Put on a happy face. Don’t let people see you lose your cool. Good vibes only. Whatever you do, don’t let anyone know you might be a regular human being — bad days and emotions included.

Why do we try so hard to pretend that everything is fine? Deep down, we know that even Instagram influencers whose lives look like paradise ugly cry in the bathtub on occasion. And on some level, we understand that people think those things about us as well. 

But that pressure to keep up appearances can cause a host of problems if you’re always playing pretend. No matter how good your fake smile is, you can’t achieve real happiness by pretending you already have it. 

“Lasting happiness is a result of the choices that we make and the work that we do — not quick fixes,” says Steve Shaheen, founder of New York City-based therapy practice June Health.  “The often uncomfortable work of knowing and accepting our authentic selves is a powerful first step.”

Happiness Starts With Honesty

Emotional regulation isn’t easy, but it’s something we all have to learn. Although it might feel good to yell at our boss or tell an in-law where to shove it, outbursts have consequences. How can we reconcile our need to be ourselves with the demands society places on us?

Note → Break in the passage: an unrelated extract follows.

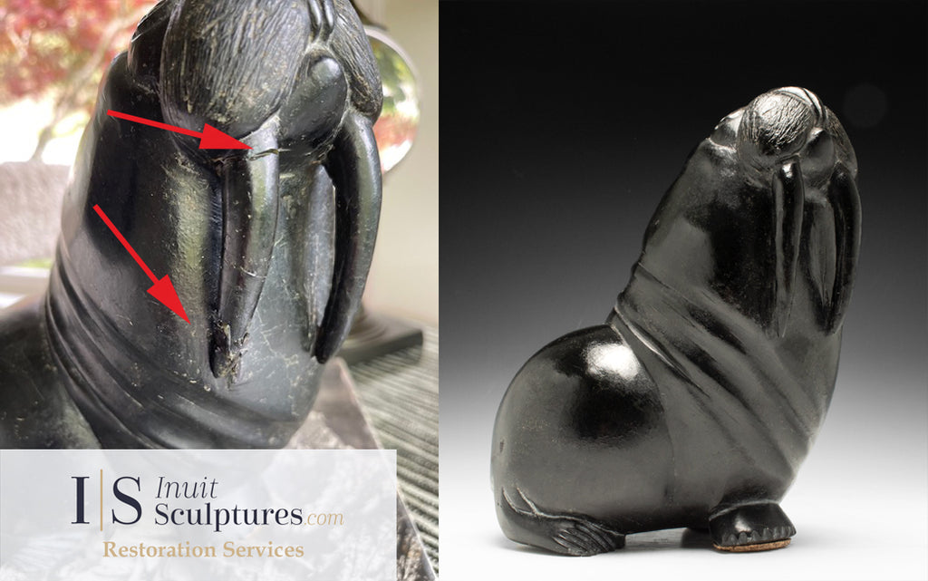 Here is a beautiful Eskimo sculpture by the late Noah Eachalook. It fell off the table and had multiple fractures.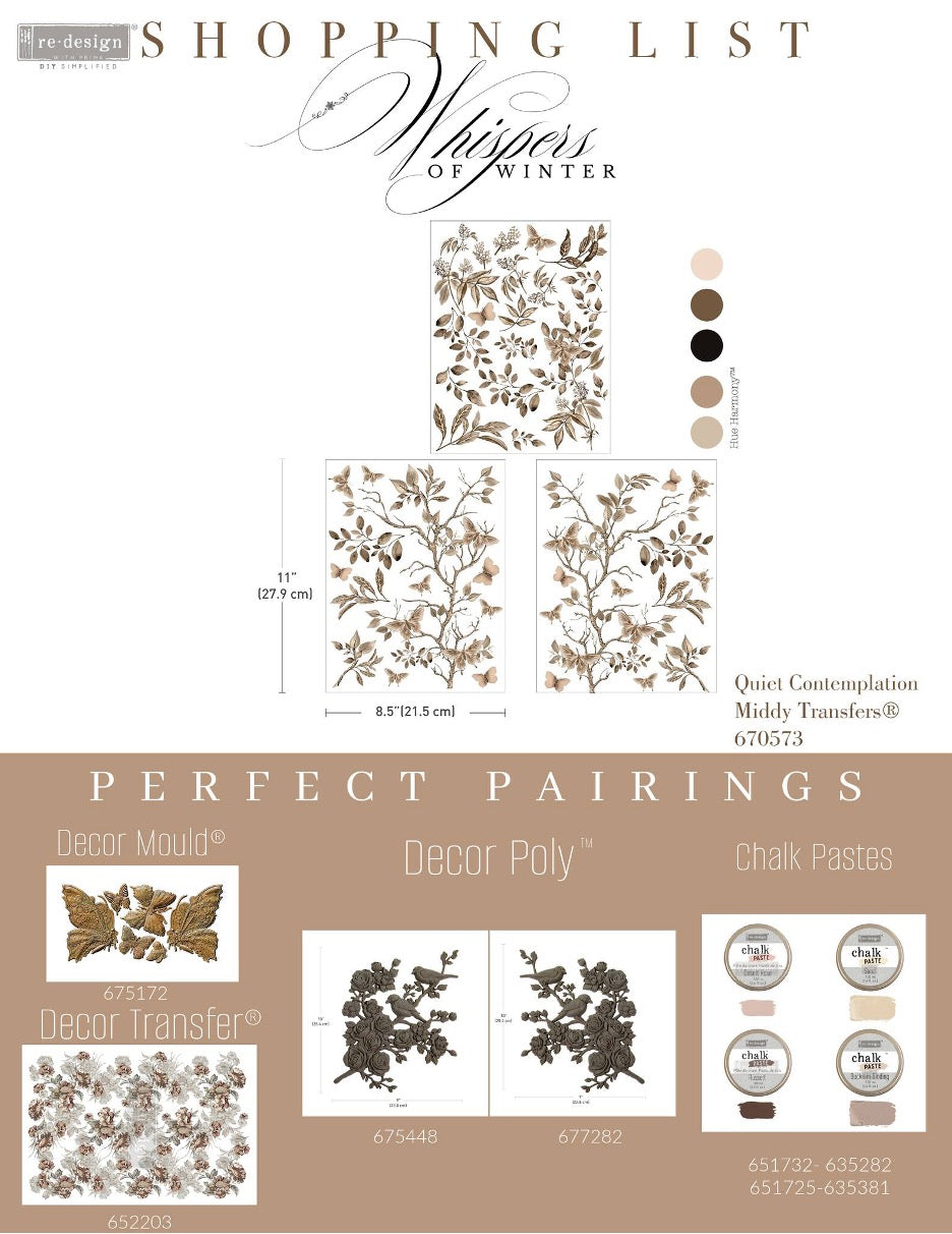 Softly falling leaves, bare branches, and gentle butterflies create the perfect autumn moment in the Quiet Contemplation Middy Transfers®. With warm sepia tones and delicate detailing, this design feels like a quiet walk through a beautiful garden. Ideal for cozy fall DIYs, seasonal furniture makeovers, or layered mixed media pieces.

Without an easy answer to that question, many of us try to fake it. But acting like we’re someone we’re not to please others isn’t a strategy for long-term happiness. 

“The whole point of the ‘fake it ‘til you make it’ strategy is to benefit from what psychologists call the ‘self-fulfilling prophecy’ — the idea that by pretending that you feel confident, you’ll actually start to feel confident,” says Brandeis University Professor Andy Molinsky. “But this transformation doesn’t happen magically. You also need to dedicate time, effort, and attention toward learning, which is the true engine of self-development.”

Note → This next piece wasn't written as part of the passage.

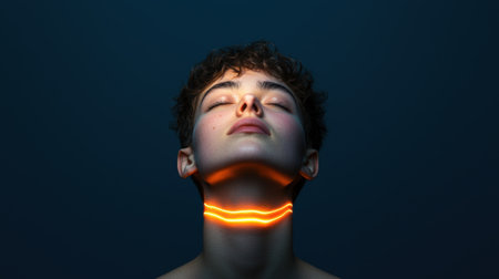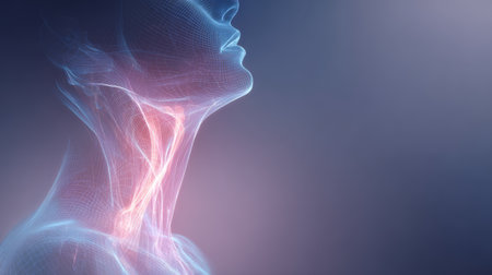 Transparent human neck anatomy with highlighted throat muscles and soft tissue in blue and pink light on dark background

Putting on a confident face isn’t always unhealthy, but we can’t lie to ourselves and others for long. Instead of skating by under the crushing weight of imposter syndrome, we should acknowledge our gaps and give ourselves credit when we take appropriate risks. 

Asking someone on a date, requesting a raise, presenting in front of the class: Social challenges petrify all of us to some degree. When we succeed, however, we show ourselves that the butterflies in our stomach don’t always portend a poor outcome. Only when we refuse to acknowledge the disconnect between our feelings and the external world do we get into trouble. 

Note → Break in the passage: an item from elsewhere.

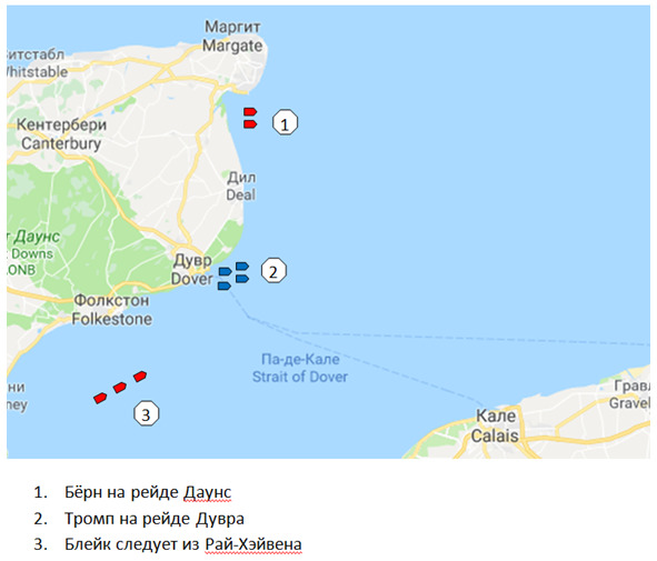 «Эндрю» (флагман) – 56 орудий«Триумф» – 62 орудия«Фэйрфакс» – 52 орудия«Энтранс» – 44 орудия«Эщуранс» – 40 орудий«Эдвенчур» – 36 орудий«Центурион» – 36 орудий«Севен Бразерс» – 26 орудий«Грейхаунд» – 20 орудийСостав эскадры Тромпа

Carl Rogers, a prominent 20th-century psychologist, believed that disconnects between our inner selves and our outer selves create conflicts that can harm our relationships and mental health.

“As we prefer to see ourselves in ways that are consistent with our self-image, we may use defense mechanisms like denial or repression in order to feel less threatened by some of what we consider to be our undesirable feelings,” writes Seth McLeod of Simply Psychology on Rogers’ theories. “A person whose self-concept is incongruent with her or his real feelings and experiences will defend because the truth hurts.”

We can’t escape the pain of the truth, but we can see our ability to accept pain and move forward, anyway, as a positive trait. Once we do that, we can start to accept all of the other faces we present to the world — even the ones we don’t like as much. 

Finding the Courage to Be Happy

Ideally, the world would accept us, flaws and all, so we wouldn’t need to put up a front when we don’t feel happy. The world doesn’t always work that way — but the truth is, we don’t need it to. 

Once we understand that we don’t have to be robots of perfect happiness, we can embrace our imperfections. When we do need to take a chance, we can do so knowing we’ll love ourselves, regardless of the outcome.

 It’s that unconditional self-love that many psychologists see as the seed of true happiness. “Happiness and self-acceptance go hand in hand. In fact, your level of self-acceptance determines your level of happiness,” writes Robert Holden in Happiness Now!

Once we accept ourselves, we can see that happiness isn’t a short-term state. Emotions like joy and elation come and go, but the sort of happiness that stems from self-acceptance lasts through the highs and lows.

Accept yourself as you are. Work to be the person you’d like to be. And when you need a break from the struggle, give yourself that grace. Bad days happen, even to happy people.